RECORDED DATA
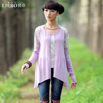 51130454 杏雨 清新色系花边拼接长袖针织衫 |
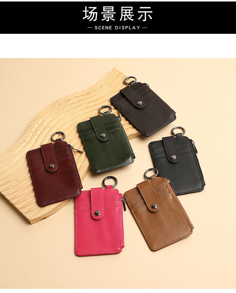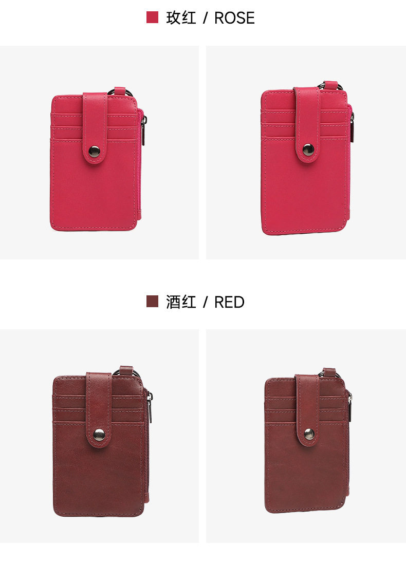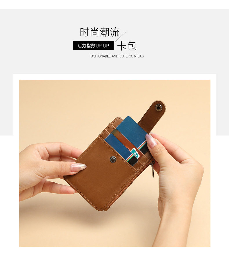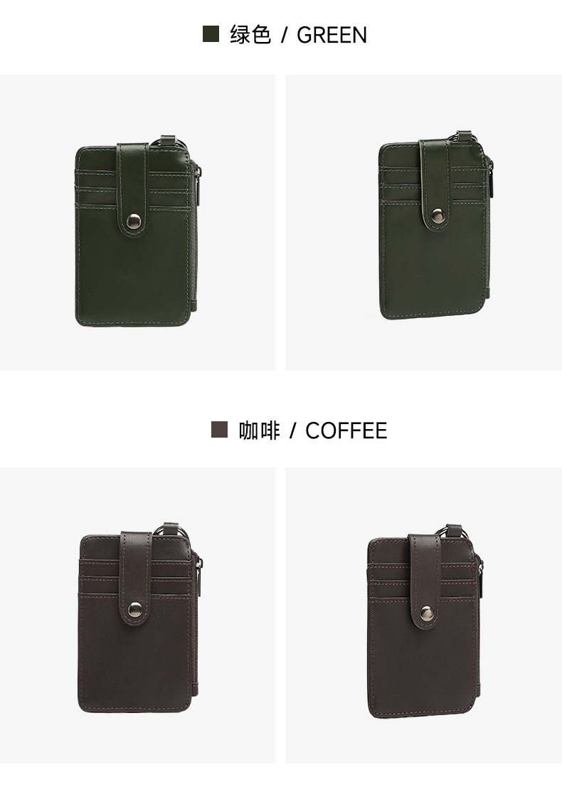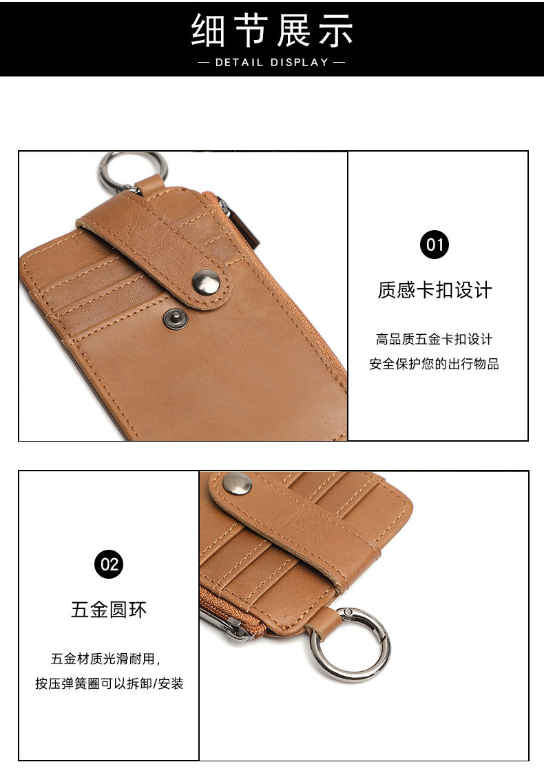 Cross-Border Popular First-Layer Cowhide Work Id Card Holder with Double Pockets and Snap Button Design, New Badge Card Holder from the Source Manufacturer
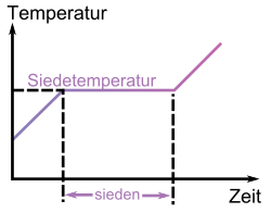 Unterhalb und oberhalb des Siedepunktes führt eine Erwärmung der Flüssigkeit bzw. des Gases nur zu einer Erhöhung der Temperatur. Die zugeführte Energie wird in Bewegungsenergie der Teilchen umgewandelt. Während des Phasenübergangs der Flüssigkeit zum Gas jedoch bleibt die Temperatur konstant, sofern auch der Druck konstant bleibt. Sämtliche zugeführte thermische Energie wird in die Zustandsänderung investiert.
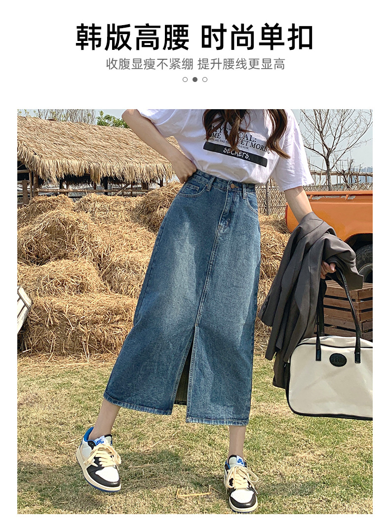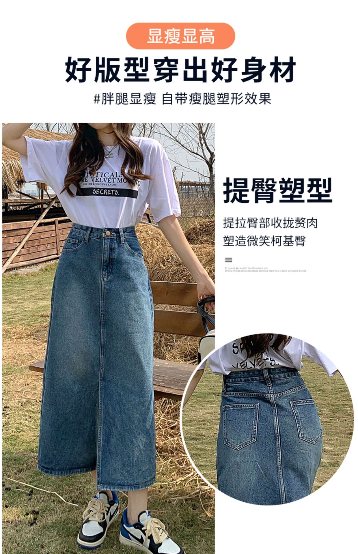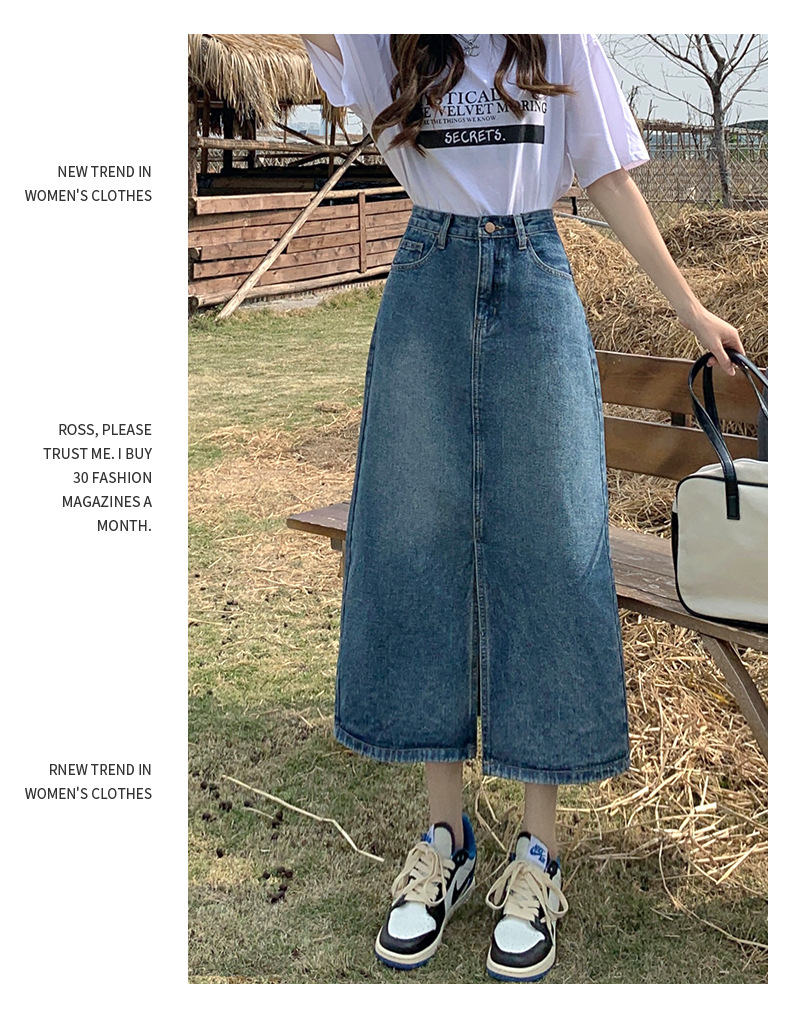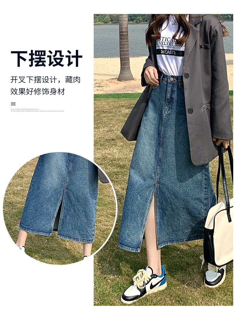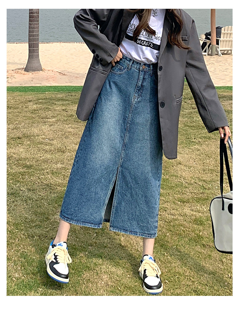 빈티지 블루 데님 롱 스커트 여자의 오버 스커트 하이 웨이스트 A 라인 롱 스커트 2023 봄 새로운 스플릿 데님 스커트스토어 가기

DESCRIPTION OF THE TASK
Pictures are to be left out, and each line from the one that contains "Unterhalb und oberhalb" through the end of the listing is to be copied exactly.

OUTPUT OF THE TASK
 Unterhalb und oberhalb des Siedepunktes führt eine Erwärmung der Flüssigkeit bzw. des Gases nur zu einer Erhöhung der Temperatur. Die zugeführte Energie wird in Bewegungsenergie der Teilchen umgewandelt. Während des Phasenübergangs der Flüssigkeit zum Gas jedoch bleibt die Temperatur konstant, sofern auch der Druck konstant bleibt. Sämtliche zugeführte thermische Energie wird in die Zustandsänderung investiert.
 빈티지 블루 데님 롱 스커트 여자의 오버 스커트 하이 웨이스트 A 라인 롱 스커트 2023 봄 새로운 스플릿 데님 스커트스토어 가기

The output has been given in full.